Towards a More Specific America

The worst thing about you liberals (if I have to pick just one) is the way you’re commandeering our language. With your political correctness, you appropriate words to suit your own political purpose, instead of just saying what they really mean. What happened to using words as they’re supposed to be used, instead of trying to redefine them? Good, solid, American words: Patriot. Maverick. Eltist. Liberal. Madrassa. Folks. Nuclear. Pakistan.

Now there’s all this hullaballoo about John McCain calling Barack Obama “that one” during the presidential debate. What is with you people, thinking that there was something dismissive or disrespectful about that? McCain was just straight-talking, telling it like it is. There were like a million people in that room, and he had to make sure you knew he was talking about Senator Obama, and not one of the other candidates for President.

This is yet another example of the Democrat party running “the fussiest campaign in American history”. In a moment of national crisis, where the economy is on the minds [sic] of every single person, the liberals are trying to make this a campaign about race.

The Republicans, on the other hand, are focused on one thing and one thing only: making this the most specific presidential race possible.

Instead of tackling the issues, the liberals are taking quotes out of context, mocking people’s religious beliefs, and trying to manipulate language.

The Republican Party is having none of that. No vague fear, no uncertainty, no mistrust; just hard, straight, and brutally specific talk. They’re not campaigning against any Barack Obama, it’s Barack Hussein Obama. That’s the kind of honesty, integrity, and specificity I can believe in.

So what if John McCain called a three-million dollar planetarium projector an “overhead projector.” The man’s 72 years old! He’s still getting used to not calling the TV remote a “clicker” and CDs “tapes.” If you liberals are mocking him for his age, your hearts must be as cold as my icebox. How dishonorable. Everybody knew what he was really saying.

(P.S. Sometimes I look back on stuff I’ve written on this blog and just laugh at how naive I was. “Finally an American presidential race that isn’t racist or sexist!” What a dumb-ass!)

0 thoughts on “Towards a More Specific America”

  1. And in non-sarcastic mode, regarding that “The One” campaign ad: I realize that it’s supposed to be saying that Obama’s an egomaniac (I’m skeptical), and that his followers are blindly supportive of him (I know I am!)

    But does everyone think I’m overreacting if I say the subtext of that ad is: “Barack Obama is the Anti-Christ?” I’m wondering if it’s just because I was raised Pentacostal, but the beginning of that ad reminded me an awful lot of the movies we used to see about the Rapture. They’d always start with ominous music and some politician claiming himself to be the new messiah, and people blindly following him.

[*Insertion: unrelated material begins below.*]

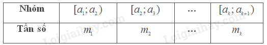 Trong đó, \(n = {m_1} + … + {m_k}\) là cỡ mẫu và \({x_i} = \frac{{{a_i} + {a_{i + 1}}}}{2}\)(với \(i = 1,2,…,k\)) là giá trị đại diện của nhóm \({\rm{[}}{a_i};{a_{i + 1}})\).

    The general reaction to the ad that I’ve seen has been that it misses the point, just praising Obama for the first few minutes and then asking “Who is he?” at the end of it. And of course, the campaign can dismiss it as just a parody and claim full deniability. But I can’t help but think they’re preying on their fundamentalist base, compounding the “Who is this guy you’ve never heard of before” along with their usual “Muslim terrorist” subtext, and then mixing in the general fear and uncertainty that fundamentalist Christians have about the Book of Revelations.

    And maybe it’s just me, but it seems like “My opponent is the Anti-Christ” is about as rock bottom as you can hit with a negative campaign ad.

  2. I think it’s absolutely intentional. It’s the same old code-word-based appeal to fundies that they hope they hope will slide by the rest of the populace.

  3. Duh, obviously I’m not going to be first to make the connection, Time already pointed it out two months ago. There I go again, trying to give people the benefit of the doubt.

    Man, I’m stunned. That has to be the absolute lowest point in American political campaigns. Congratulations, Fred Davis (mastermind of the ad) and Nicolle Wallace (McCain spokesman who dismissed it as “parody”): you are officially the Worst Americans Ever.

  4. Chuck, that’s exactly what the ad is attempting to imply. I’m amazed anyone would think that’s halfway appropriate to make. Then again, I’m frequently amazed at the low state of politics these days since I stopped paying too close attention years ago because both sides had been doing nonsense like this (well, perhaps not /precisely/ like this). Even as parody who thinks that’s going to do anything except scare off all the fence-sitting voters? Realistically, all the people who thought that was good were already going to vote McCain anyhow.